Veteran educator: AI ‘democratizes education’

MEA member Kecia Waddell began her career in the analog world, moved into digital, and will finish in the artificial intelligence age. A 30-year special education teacher in Utica, she couldn’t be more excited.

“I’ve always integrated technology for transformative teaching and learning experiences for my  students, but I’m so, so, so excited to have lived this long – 56 years – to be able to interface with technology of this magnitude that just absolutely democratizes education,” Waddell said.

Waddell refers to ChatGPT and similar AI applications as a “Swiss Army knife”: all-in-one tutor, guide, organizer, editor, assistant. “To me, it’s a tool to bring out higher function. We now have the tools for hyper personalization over one-size-fits-all. We’re public educators. We have to pull everybody in.”

She uses it to organize thoughts or write emails and for more cutting-edge tasks, such as giving students instant individualized feedback, connecting learning goals to student interests, and identifying personalized learning accommodations.

She brainstorms with AI, asking it to identify overlooked angles to a problem or solution – “like a dragnet to discover ideas or frameworks I’m not considering. I constantly stay in a mode of thinking divergently, so a tool like this is so empowering. It jump-starts thoughts.”

Waddell holds a master’s in special education from University of Detroit Mercy and both specialist certification and a doctorate in instructional technology from Wayne State University. She jumped to try ChatGPT upon its release 15 months ago and now subscribes to the plus version.

Last year she incorporated AI with sophomores conducting research on high-interest topics to write essays through a chosen lens – for example, race, psychological, cultural norms.

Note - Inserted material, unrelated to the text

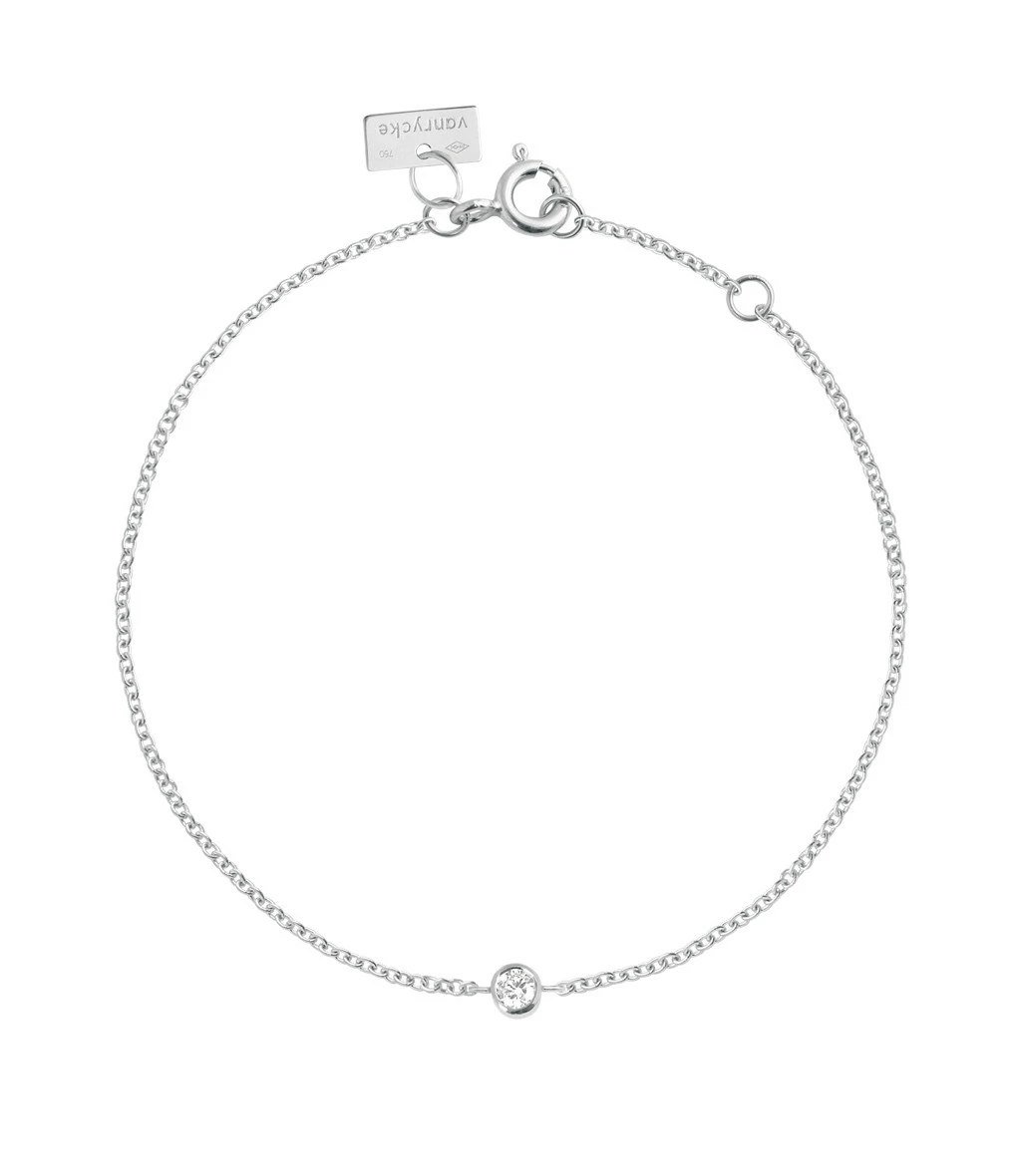 Bracelet sur chaîne en or blanc serti d’un diamant blanc. Fermoir classique.

Students submitted source notes, and she uploaded their material for ChatGPT to organize as a thinking and writing aid.

“You’d be amazed how interesting the topic of lipstick becomes through the lens of environmental concerns,” she said. “It seems unlikely, but this is the brilliance of this approach with my students: Take high-interest subject matter plus academic research, add generative AI and Whoa! Deep engagement and ease in student comprehension.”

This year Waddell teaches middle school students in the district’s virtual academy where AI helps connect kids’ real lives to learning. For example, ChatGPT helped the veteran educator assist a girl she knew was a “Swiftie” struggling to learn symbolism – by using Taylor Swift song lyrics.

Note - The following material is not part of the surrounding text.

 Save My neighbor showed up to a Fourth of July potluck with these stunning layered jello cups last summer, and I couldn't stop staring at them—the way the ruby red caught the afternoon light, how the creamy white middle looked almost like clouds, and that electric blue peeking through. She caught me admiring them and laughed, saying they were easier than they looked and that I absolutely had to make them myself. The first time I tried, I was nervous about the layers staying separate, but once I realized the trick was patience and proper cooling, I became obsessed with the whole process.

Platforms like Curipod and Magic School draw on AI to create presentations, design AI-proof assignments, and craft rubrics, among other tasks. But Waddell also uses ChatGPT directly by “training” the machine with content – it’s that easy, she says.

She excitedly discusses plans to consult in retirement to help educators empower students. “I want to be that person who teaches educators how to use this tool because everybody’s upskilling, reskilling, unlearning, relearning.”

Waddell understands concerns about cheating and fears of becoming obsolete but says cheating isn’t new and great educators bring more value than just content knowledge.

“Educators think. We create. We problem-solve. I need my colleagues to learn how to use this tool to solve real problems we face, with the constraints we have, and allow what (theorist Lev) Vygotsky calls ‘the more knowledgeable other’ to help us fill those gaps.”